=== Data shown ===

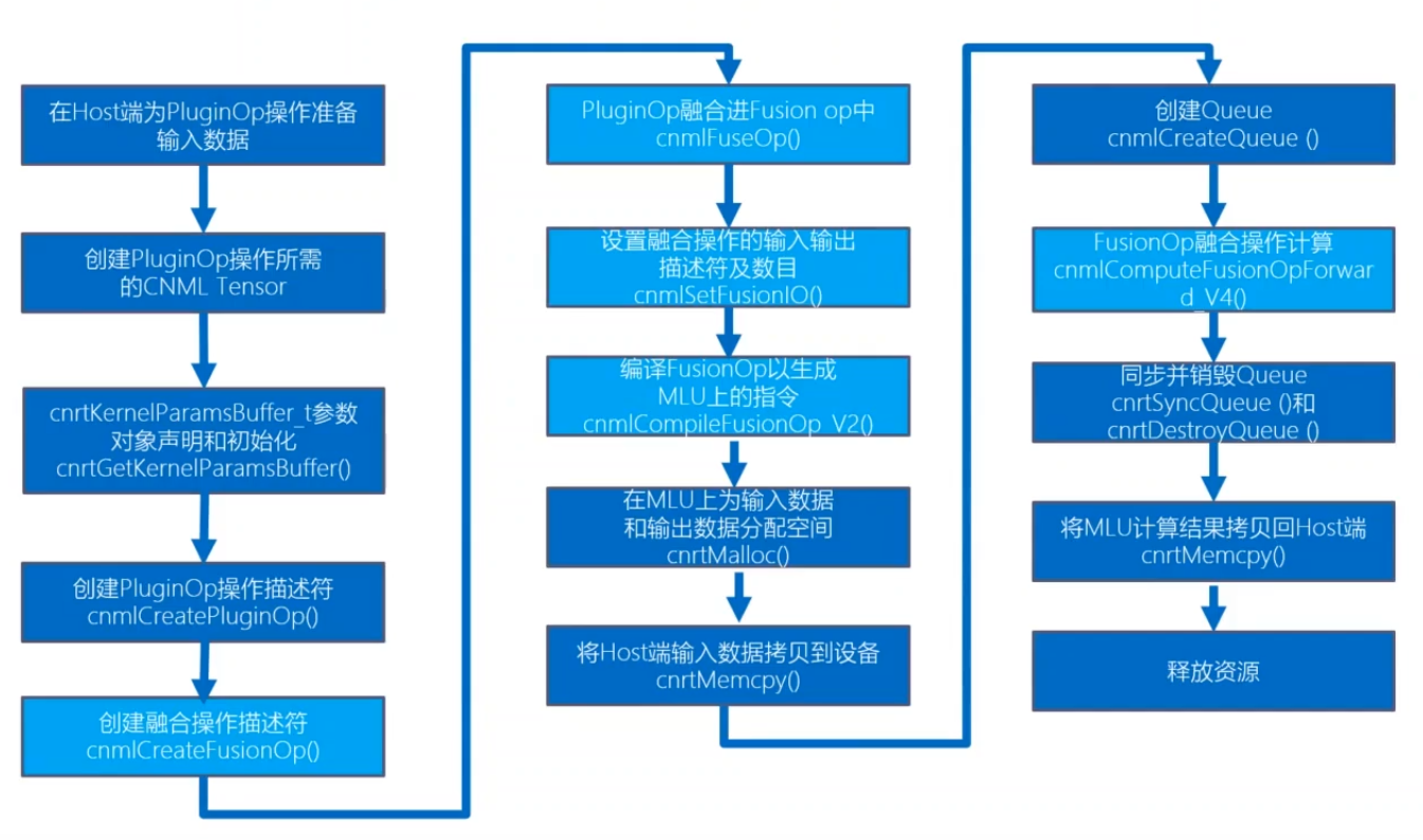 - 自定义的算子可以与 CNML 中已有算子实现执行逻辑同一,从而利用 CNML 的特性(融合执行、离线指令生成等)
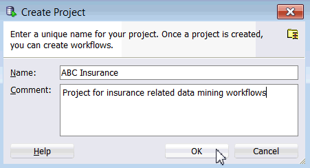 Before you begin working on a Data Miner Workflow, you must create a Data Miner Project, which serves as a container for one or more Workflows.
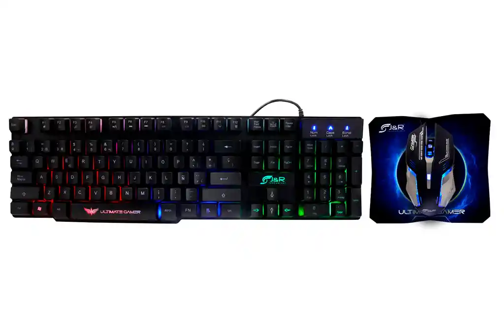 Combo Gamer Multimedia edición especial Thunder 3 en 1: Teclado, Mouse y Mouse Pad con diseño exclusivo J&R, iluminación LED, 12 teclas multimedia, mouse 4D (4 botones), scroll dentado para un mayor agarre, DPI ajustable (800-2000), mouse pad con forma y diseño exclusivo J&R 20 * 18 * 0.2 cm.
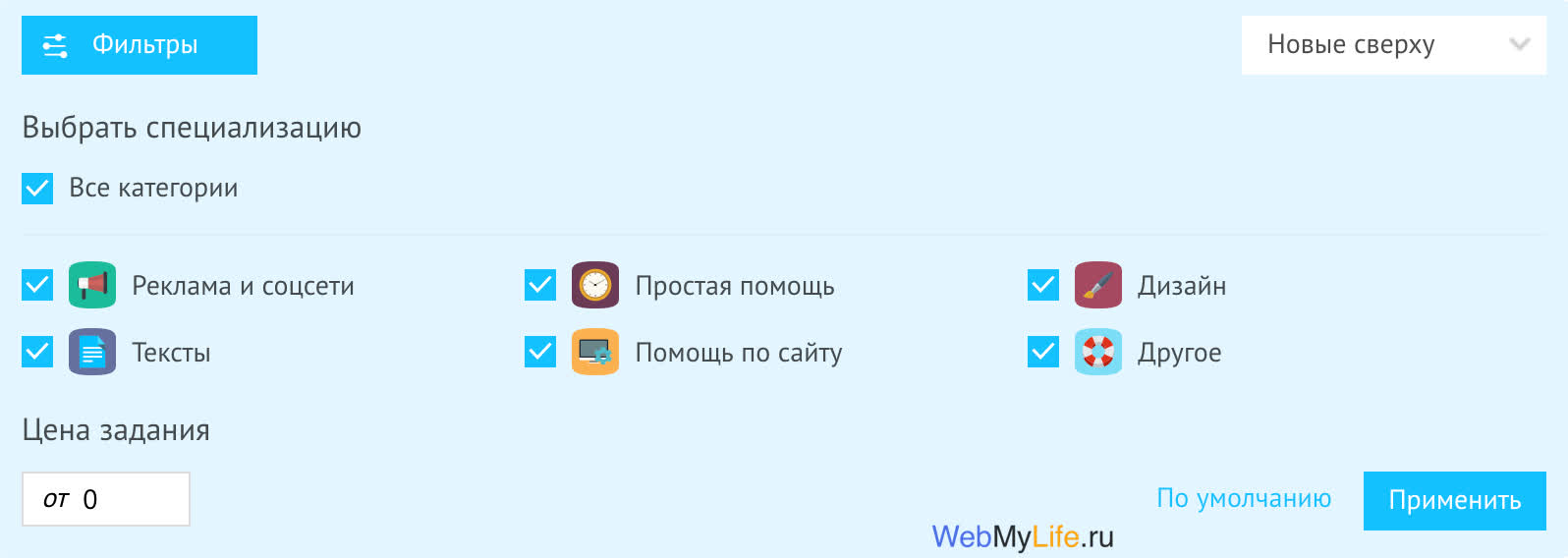 Если Вы не имеете особых навыков, советую выбрать: Реклама и соцсети, Простая помощь, Тексты и Другое. Эти категории являются простыми и большинство заданий из них легко выполнить.

=== What you need to do ===
Restate the material word for word; no picture should appear in the copy.

=== Output for this exercise ===
 - 自定义的算子可以与 CNML 中已有算子实现执行逻辑同一,从而利用 CNML 的特性(融合执行、离线指令生成等)
 Before you begin working on a Data Miner Workflow, you must create a Data Miner Project, which serves as a container for one or more Workflows.
 Combo Gamer Multimedia edición especial Thunder 3 en 1: Teclado, Mouse y Mouse Pad con diseño exclusivo J&R, iluminación LED, 12 teclas multimedia, mouse 4D (4 botones), scroll dentado para un mayor agarre, DPI ajustable (800-2000), mouse pad con forma y diseño exclusivo J&R 20 * 18 * 0.2 cm.
 Если Вы не имеете особых навыков, советую выбрать: Реклама и соцсети, Простая помощь, Тексты и Другое. Эти категории являются простыми и большинство заданий из них легко выполнить.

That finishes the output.